The term “on” indicates that there is direct contact between elements. The term “directly on” indicates that there is direct contact between elements with no intervening elements.

As used herein, the term “in situ” refers to processes that are all performed in the same processing chamber or within different processing chambers that are connected as part of an integrated processing system, such that each of the processes are performed without an intervening vacuum break. As used herein, the term “ex situ” refers to processes that are performed in at least two different processing chambers such that one or more of the processes are performed with an intervening vacuum break. In some embodiments, processes are performed without breaking vacuum or without exposure to ambient air.

As used herein, the terms “precursor,” “reactant,” “reactive gas,” “reactive species,” and the like may be used interchangeably to refer to any gaseous species that can react with a semiconductor substrate surface.

As used herein, the term “chemical vapor deposition” refers to the exposure of at least one reactive species to deposit a layer of material on the substrate surface. In some embodiments, the chemical vapor deposition (CVD) process comprises mixing the two or more reactive species in the processing chamber to allow gas phase reactions of the reactive species and deposition. In some embodiments, the CVD process comprises exposing the substrate surface to two or more reactive species simultaneously. In some embodiments, the CVD process comprises exposing the substrate surface to a first reactive species continuously with an intermittent exposure to a second reactive species. In some embodiments, the substrate surface undergoes the CVD reaction to deposit a layer having a predetermined thickness. In the CVD process, the layer can be deposited in one exposure to the mixed reactive species or can be multiple exposures to the mixed reactive species with purges between. In some embodiments, the substrate surface is exposed to the first reactive species and the second reactive species substantially simultaneously.

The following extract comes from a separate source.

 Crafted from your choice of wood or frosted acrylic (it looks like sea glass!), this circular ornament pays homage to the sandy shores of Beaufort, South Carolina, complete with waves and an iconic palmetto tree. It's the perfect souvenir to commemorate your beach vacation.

As used herein, “substantially simultaneously” means that most of the duration of the first reactive species exposure overlaps with the second reactive species exposure.

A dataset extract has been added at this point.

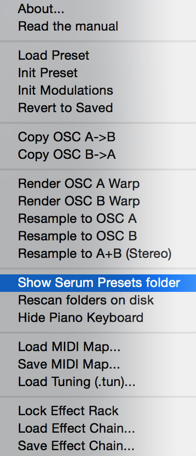 4. Click the ‘Show Serum Presets folder’ option > this will open the location of Serum’s entire available content within the 'Serum Preset' folder directory.
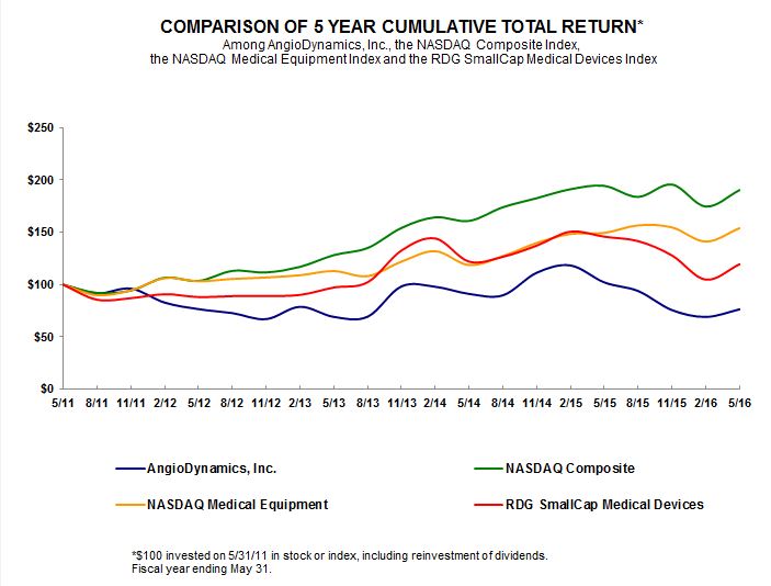 AngioDynamics 2015 Total Shareholder Return Performance Unit Agreement Program (incorporated by reference to Exhibit 10.1.5 of the Company’s annual report on Form 10-K filed with the Commission on August 10, 2015).

As used herein, the term “purging” includes any suitable purge process that removes unreacted precursor, reaction products and by-products from the process region. In one or more embodiments, purging the processing chamber includes moving the substrate through a gas curtain to a portion or sector of the processing region that contains none or substantially none of the reactant. In one or more embodiments, purging the processing chamber comprises applying a vacuum. In some embodiments, purging the processing region comprises flowing a purge gas over the substrate. In some embodiments, the purge process comprises flowing an inert gas. In one or more embodiments, the purge gas is selected from one or more of nitrogen (N₂), helium (He), and argon (Ar). In some embodiments, the first reactive species is purged from the reaction chamber for a time duration in a range of from 0.1 seconds to 30 seconds, from 0.1 seconds to 10 seconds, from 0.1 seconds to 5 seconds, from 0.5 seconds to 30 seconds, from 0.5 seconds to 10 seconds, from 0.5 seconds to 5 seconds, from 1 seconds to 30 seconds, from 1 seconds to 10 seconds, from 1 seconds to 5 seconds, from 5 seconds to 30 seconds, from 5 seconds to 10 seconds or from 10 seconds to 30 seconds before exposing the substrate to the second reactive species.

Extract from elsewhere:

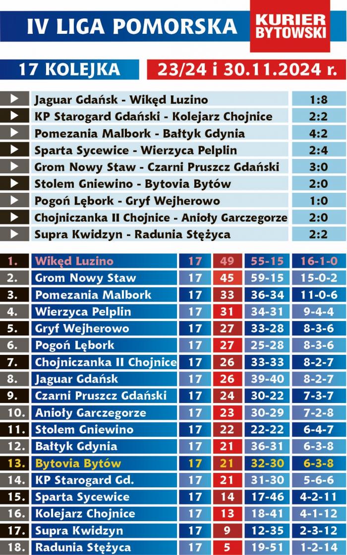 Bytovia Bytów jest jedyną drużyną powiatu bytowskiego w IV-ligowych rozgrywkach. Beniaminek z Bytowa, który na ten szczebel wrócił po roku, w 17 meczach zgromadził 21 pkt. Mogło być więcej, ale drużynie trenera Tomasza Bąkowskiego nie wyszła końcówka rundy. W 5 ostatnich meczach zgromadziła jedynie 3 pkt. (wygrana z Pomezanią Malbork) i rundę jesienną zakończyła na 13 miejscu. Póki co, trudno mówić, że Bytovii grozi spadek, bo ten automatycznie dotknie tylko 3 ostatnie ekipy. Liczba ta może ulec zwiększeniu lub zmniejszeniu w zależności od tego, ile drużyn awansuje do III ligi z IV ligi pomorskiej (maksymalnie mogą dwie) i ile zespołów III-ligowych z województwa pomorskiego spadnie do IV ligi.
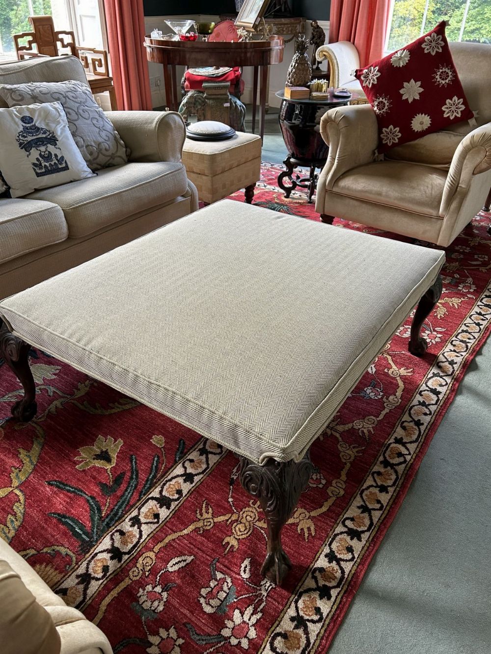 the expansive upholstered seat, raised on acanthus leaf carved cabriole legs terminating on claw and ball feet.

In a plasma-enhanced chemical vapor deposition (PECVD) process, for example, a carbon-containing source, such as a gas-phase carbon-containing precursor, a vapor of a liquid-phase carbon-containing precursor, or a vapor of a solid-phase carbon-containing precursor that have been entrained in a carrier gas, is introduced into a PECVD chamber. A plasma-initiated gas, such as helium (He), for example, is also introduced into the chamber. Embodiments described herein with reference to a PECVD process can be carried out using any suitable processing system. Any apparatus description described herein is illustrative and should not be construed or interpreted as limiting the scope of the embodiments described herein. The plasma may be generated by any suitable plasma source in accordance with one or more embodiments of the disclosure. For example, the plasma may be generated by a capacitively coupled plasma (CCP) source, an inductively coupled plasma (ICP) source, a microwave plasma source, or a remote plasma source.

One or more of the layers deposited on the semiconductor substrate are continuous. As used herein, the term “continuous” refers to a layer that covers an entire exposed surface without gaps or bare spots that reveal material underlying the deposited layer. A continuous layer may have gaps or bare spots with a surface area less than about 15% or less than about 10% of the total surface area of the layer.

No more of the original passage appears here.